◆ PROBLEM REQUIREMENTS
Begin with the first line below and retype each line exactly through the line containing "A woman embodies". Any pictures are to be left out.

◆ INPUT DATA

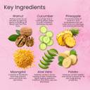Walnut works as an exfoliating agent by gently scrubbing off dead cells from the face., Aloe vera relieves sunburn, boost healing of skin, moisturises, fights ageing, prevents infection and acne, reduces blemishes., Contains antioxidants that help prevent acne and other skin blemishes. The vitamins and minerals present in moong dal also help improve skin texture. Potatoes contain azelaic acid which is known for its skin- brightening properties., Pineapple Rejuvenates the skin and makes it look clean and fresh. Pineapple contains loads of vitamin C and antioxidants that can treat acne, sun damage, and uneven skin tone., Cucumber Cucumber has a cooling effect, helps to calm irritations, revitalises the skin and gently soothes delicate areas of skin like the lips and around the eyes., Use alternate day to keep skin purified, clean, oil free and dirt free.
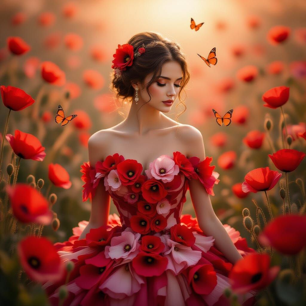 A woman embodies a living bloom, her hair and dress adorned with vibrant red petals. Bathed in soft light, she appears serene amidst a surreal floral realm with dancing butterflies. Rendered in a thick, impressionistic gouache and watercolor style.
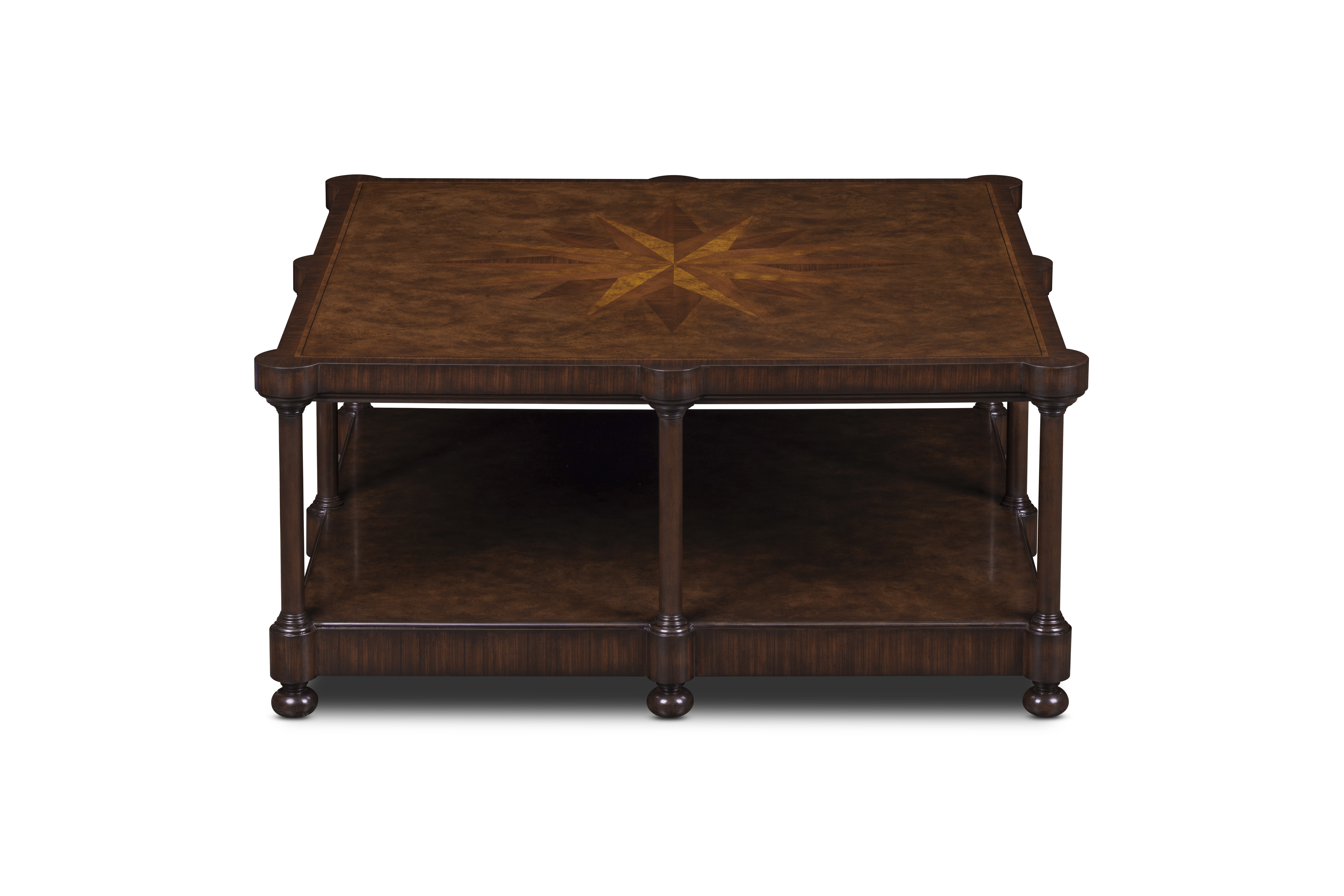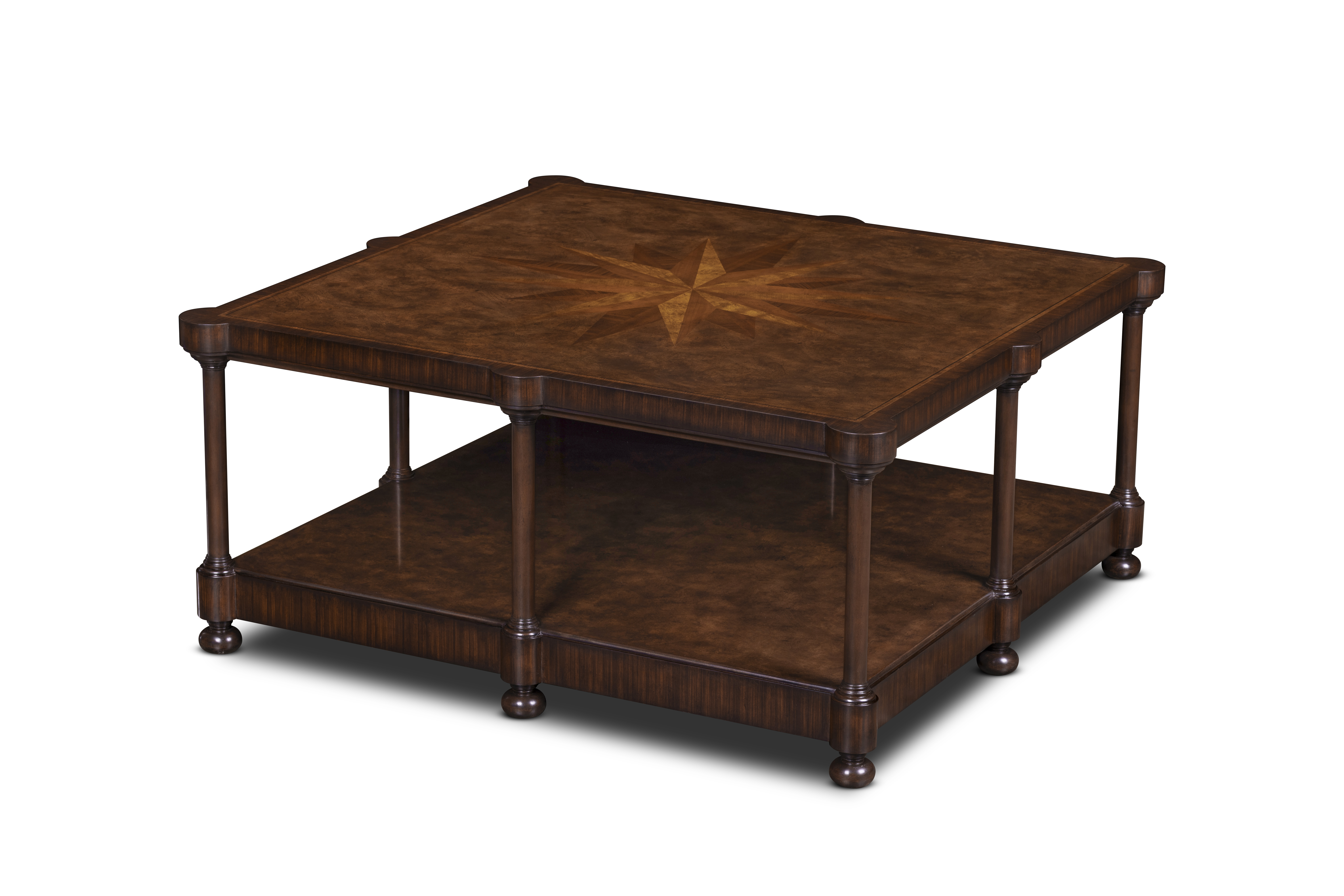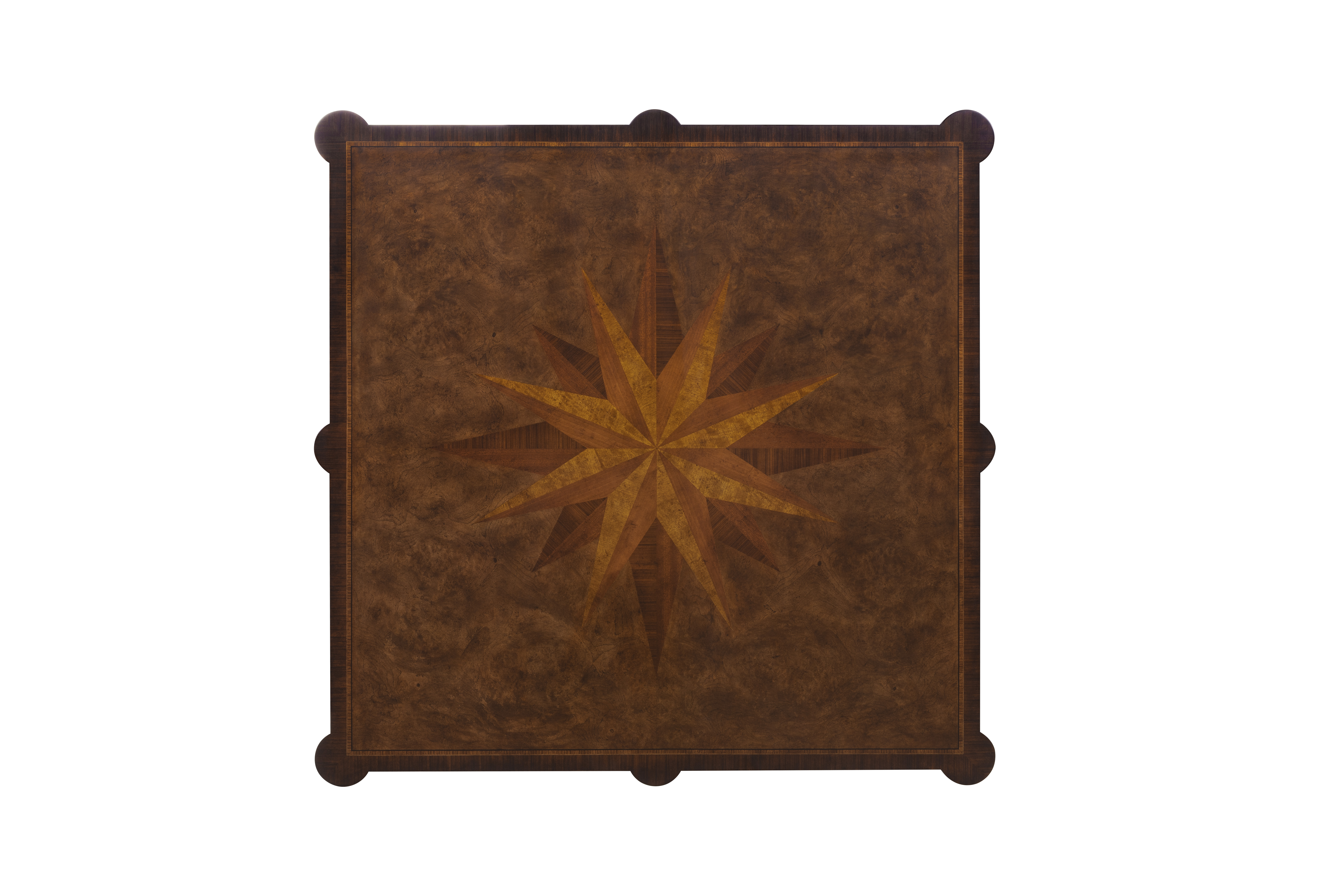 A study in proportion and craftsmanship, this square cocktail table showcases the artistry of hand-matched veneers and traditional joinery. The tabletop’s inlaid starburst motif radiates from the center, drawing the eye to its finely balanced geometry. Supported by turned legs and finished with a lower shelf for display or storage.
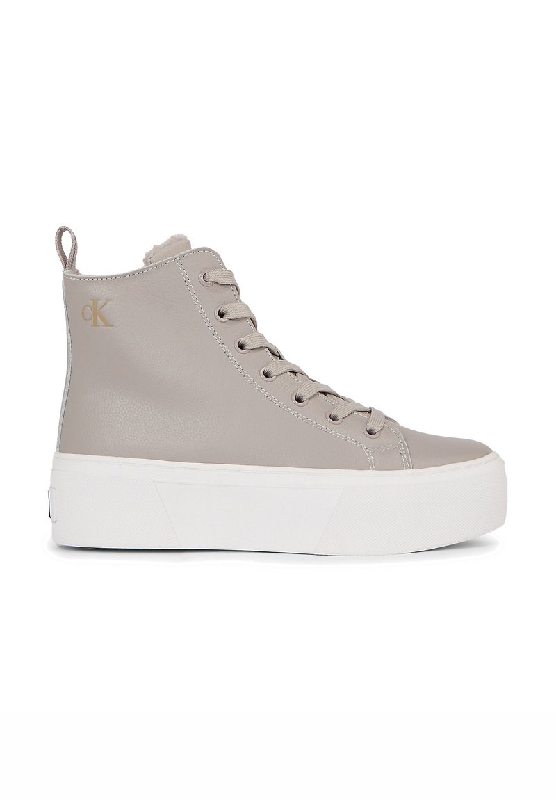 Stay stylish and comfortable this Autumn/Winter season with these Calvin Klein Jeans Grey High Top Sneakers for Women. Perfect for a sporty yet casual look, these shoes are ideal for everyday wear. Featuring a trendy grey color, these sneakers are versatile and can be paired with any outfit. Elevate your footwear collection with these sportive yet fashionable Calvin Klein Jeans sneakers.

◆ FINISHED EXERCISE
Walnut works as an exfoliating agent by gently scrubbing off dead cells from the face., Aloe vera relieves sunburn, boost healing of skin, moisturises, fights ageing, prevents infection and acne, reduces blemishes., Contains antioxidants that help prevent acne and other skin blemishes. The vitamins and minerals present in moong dal also help improve skin texture. Potatoes contain azelaic acid which is known for its skin- brightening properties., Pineapple Rejuvenates the skin and makes it look clean and fresh. Pineapple contains loads of vitamin C and antioxidants that can treat acne, sun damage, and uneven skin tone., Cucumber Cucumber has a cooling effect, helps to calm irritations, revitalises the skin and gently soothes delicate areas of skin like the lips and around the eyes., Use alternate day to keep skin purified, clean, oil free and dirt free.
 A woman embodies a living bloom, her hair and dress adorned with vibrant red petals. Bathed in soft light, she appears serene amidst a surreal floral realm with dancing butterflies. Rendered in a thick, impressionistic gouache and watercolor style.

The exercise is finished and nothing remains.